Stored dataset items:
^^^^

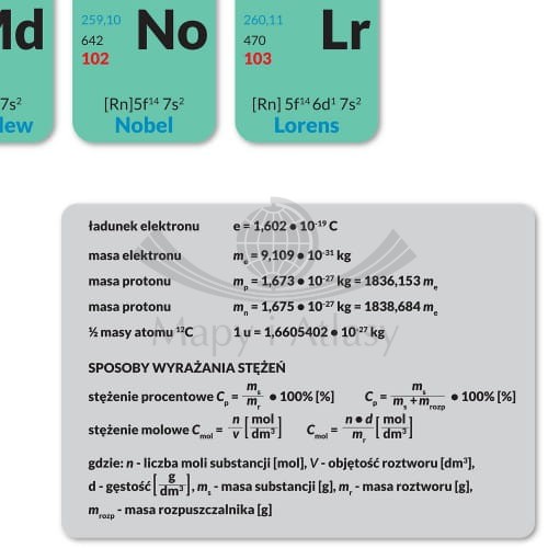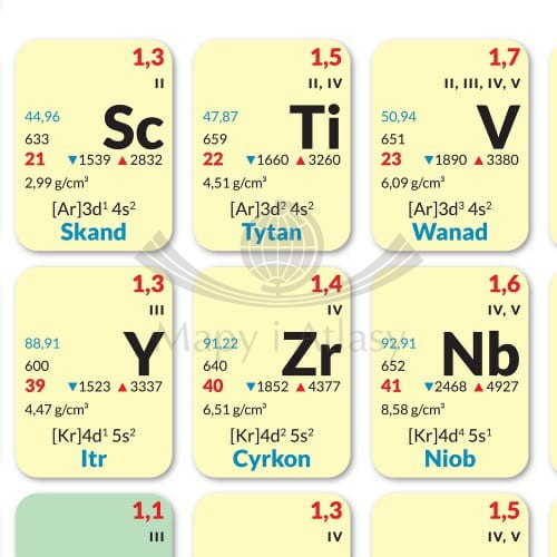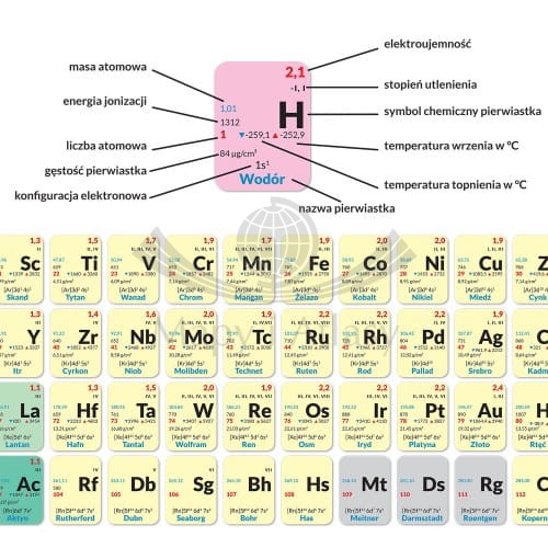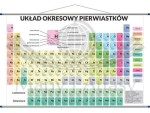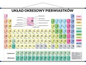 Plansza edukacyjna Układ Okresowy Pierwiastków 146 x100 cm zawiera takie informacje jak: nazwę pierwiastka w języku polskim, masę atomową, masę molową, energię jonizacji, gęstość pierwiastka, konfigurację elektronową, elektroujemność, stopień utleniania...
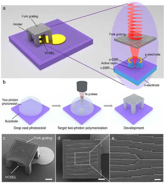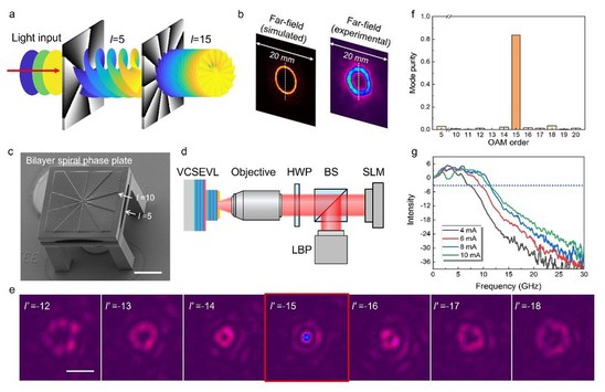近日,光子芯片研究院董毅博博士以第一作者身份在国际知名纳米学期刊《纳米快报》(Nano Letters)上发表了题为“纳米打印集成衍射层的具有可扩展拓扑荷数的垂直腔面发射涡旋光激光器”(Nanoprinted Diffractive Layer Integrated Vertical-Cavity Surface-Emitting Vortex Lasers with Scalable Topological Charge)的研究成果。该成果由光子芯片研究院顾敏院士、方心远副教授团队和中国科学院微电子研究所合作完成,顾敏院士、方心远副教授、中国科学院微电子研究所潘冠中副研究员、荀孟副研究员为本文通讯作者,上海理工大学为第一单位。 随着人工智能、大数据的飞速发展,人类每日产生的数据量也在指数增加,实现高容量的信息复用是应对未来高数据吞吐量应用的有效途径。具有螺旋相位波前的涡旋光携带有轨道角动量,而轨道角动量(Orbital Angular Momentum, OAM)具有的无穷正交特性可被用于各种光学信息复用技术中,来大幅提高信息容量,包括光通信、全息术、光学人工智能、光学加密、光存储等。 涡旋光激光器作为轨道角动量光学信息的发射装置被广泛研究。其中,实现片上、微型的涡旋光激光器对于涡旋光复用技术的芯片化、集成化发展至关重要,能够真正推动这些技术的产业落地。但是,现有的有源微型涡旋光激光器难以产生高阶涡旋光(拓扑荷数普遍小于5),其关键原因是光源的出光面积有限,导致集成的轨道角动量相位结构的分辨率不足,制约了空间带宽积的提高。拓扑荷数越高代表了可能实现的轨道角动量信息复用的通道数越多,因此,这一问题严重制约了轨道角动量片上信息复用的容量提升。 本研究中,作者提出了一种基于激光纳米三维(3D)打印集成轨道角动量相位结构的垂直腔面发射涡旋光激光器,具有体积小、高速度、低阈值、圆形光场、垂直出光、可阵列化的优势。作者通过激光打印微型的轨道角动量相位结构集成在垂直腔面发射激光器表面,从而使激光器发出的高斯光束经过相位结构的调制后变为涡旋光束。激光打印的方法可以扩大轨道角动量相位结构有效光照面积,从而可增大空间带宽积。同时,激光3D打印比此前方法具有较高的制造效率,单个器件的打印仅约为20分钟,而此前方法约为数小时。文章中,作者实现了拓扑荷数从1到5的可寻址涡旋光激光器阵列,单个器件尺寸仅约为100微米×100微米。 本文中作者通过设计3D结构的、级联的螺旋相位板(SPP)进一步来提高空间带宽积,成功实现了最大拓扑荷数为15的涡旋光束。该研究解决了微型涡旋光激光器拓扑荷数提高的问题,有望推动轨道角动量信息复用技术的小型化、集成化发展。 该工作得到了国家自然科学基金委员会和上海市科委等单位的支持。
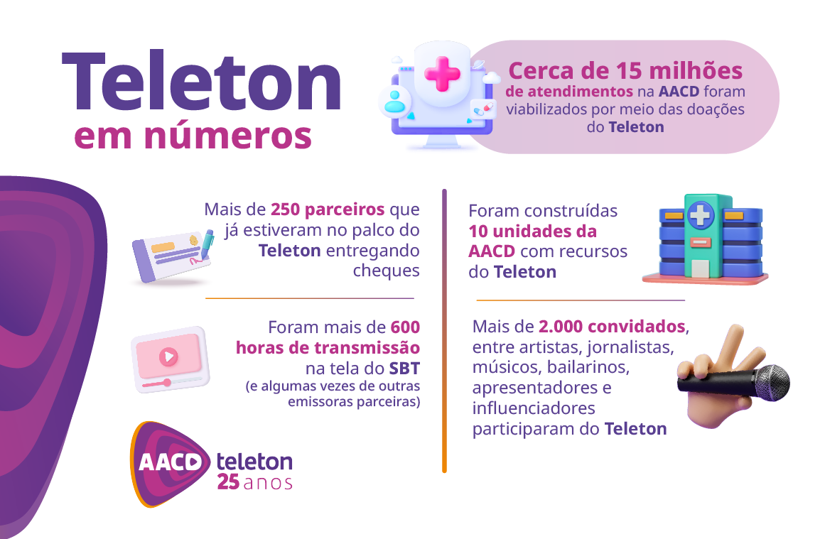 História de sucesso. A AACD está sempre em movimento e pretende seguir realizando o Teleton por muitos anos, para sempre colocar em evidência temas como inclusão, acessibilidade e combate ao capacitismo, além de continuar levando atendimento de qualidade e excelência para os brasileiros que mais precisam.
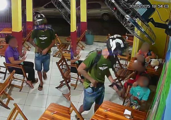 Nas imagens, é possível ver o momento em que a dupla chega ao local, o piloto permanece na moto, enquanto o comparsa desce e entra na lanchonete. O assaltante, usando capacete está armado e aborda os clientes funcionários, roubando os celulares. Após a ação, ele retorna à motocicleta, e ambos fogem do local.
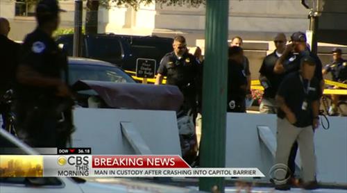 미국 의회 경찰과 CBS등 언론들에 따르면 이날 오전 9시 40분께 자주색 승용차 1대가 빠른 속도로 남쪽 검문소 앞 도로로 진입한 뒤 속도를 줄이지 않고 그대로 바리크에드와 충돌했다.
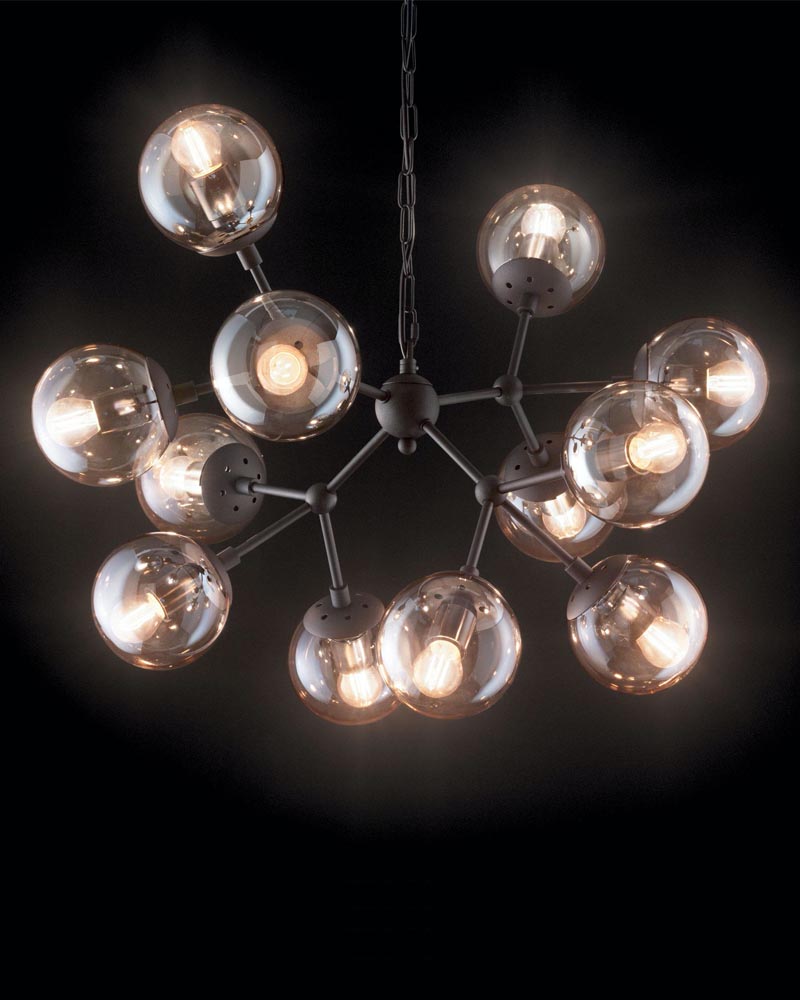 Lámpara de colgar decorativa disponible en 2 versiones, de 12 o 18 brazos con tulipas de cristal transparente en acabado ámbar.

^^^^

WORK INSTRUCTION: The data above holds the lines to copy: start at the one with "História de sucesso. A", stop at the one with "Nas imagens, é", include both, copy them exactly without pictures, and copy nothing else.

COMPLETED EXERCISE:
 História de sucesso. A AACD está sempre em movimento e pretende seguir realizando o Teleton por muitos anos, para sempre colocar em evidência temas como inclusão, acessibilidade e combate ao capacitismo, além de continuar levando atendimento de qualidade e excelência para os brasileiros que mais precisam.
 Nas imagens, é possível ver o momento em que a dupla chega ao local, o piloto permanece na moto, enquanto o comparsa desce e entra na lanchonete. O assaltante, usando capacete está armado e aborda os clientes funcionários, roubando os celulares. Após a ação, ele retorna à motocicleta, e ambos fogem do local.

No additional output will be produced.